The scientific name derives from the Latin priscus "ancient", and Greek myzon "sucking". 'Rini' is the isiXhosa name for
Grahamstown and its surrounding valley.

The holotype is held in the Albany Museum, Grahamstown, Eastern Cape, with the catalogue number AM5750. The locality and horizon is the Waterloo Farm, Grahamstown, South Africa; Witpoort Formation, Witteberg Group, Famennian, Late Devonian.

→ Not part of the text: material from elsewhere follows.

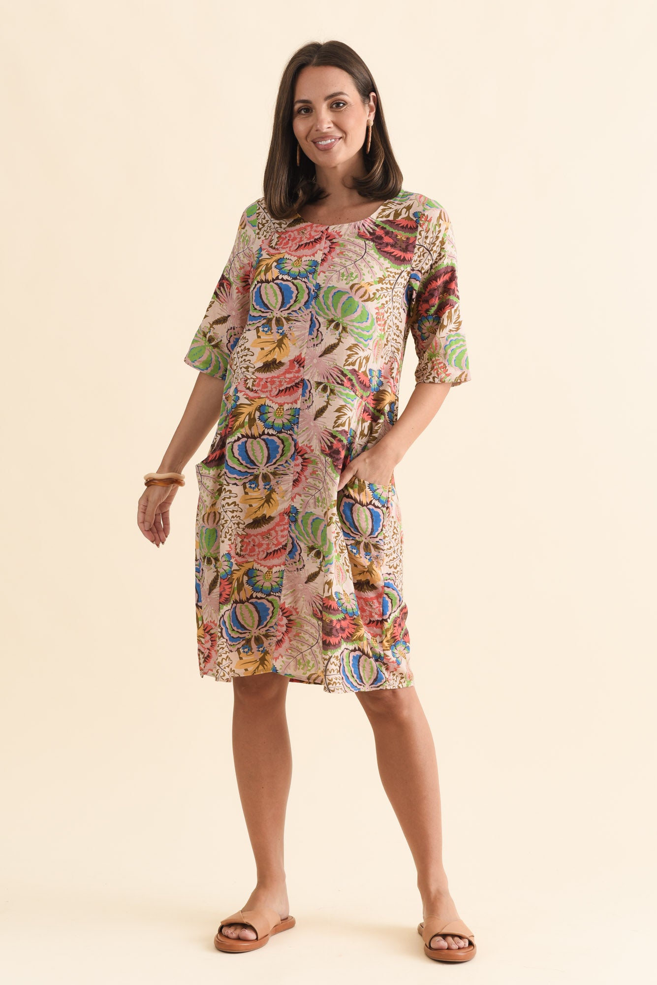 LILIBET GREEN BOTANICAL COTTON POCKET DRESS

===Implications of the find===
Priscomyzon provides evidence that agnathans close to modern lampreys had existed before the end of the Devonian period. Lampreys have ancient origins, have endured for 360 million years and lived through four major extinction events - even so, their evolutionary history is obscure. In ancient seas jawless vertebrate fish led to jawed fish, and thence to all other vertebrates, including humans. Being the only extant jawless vertebrates and a virtual time capsule of embryology and DNA, lampreys and hagfish are of immense scientific interest. Knowing the period during which they became parasitic would shed light on how typical they are of ancient fish. Having no bone tissue, effectively being essentially boneless, their cartilaginous framework leaves almost no fossil record - a mere three fossil species had previously been described, and in none of these was a sucker disc detected.

==Description==
The exceptionally well-preserved fossil of P. riniensis is only 42 mm long and reveals details of its fin, gill basket and mouth region. A striking feature of Priscomyzon is its relatively large oral disk, inside a soft outer lip, supported by annular cartilage. The circular mouth at the center of the oral disk is surrounded by 14 small, evenly spaced, simple teeth, with no associated radiating series or plates of supplementary teeth, but otherwise quite similar to present-day lampreys, suggesting that their blood-sucking lifestyle was developed in ancient seas. The oral disk of the Late Carboniferous lamprey Mayomyzon pieckoensis, if present, is much smaller, while there is no evidence of a disk in the Early Carboniferous Hardistiella montanensis. Priscomyzons are the earliest teeth found in any fossil lamprey, and have a similar arrangement to that of the 19 or more teeth found in modern forms such as Ichthyomyzon, Petromyzon, Caspiomyzon and Geotria.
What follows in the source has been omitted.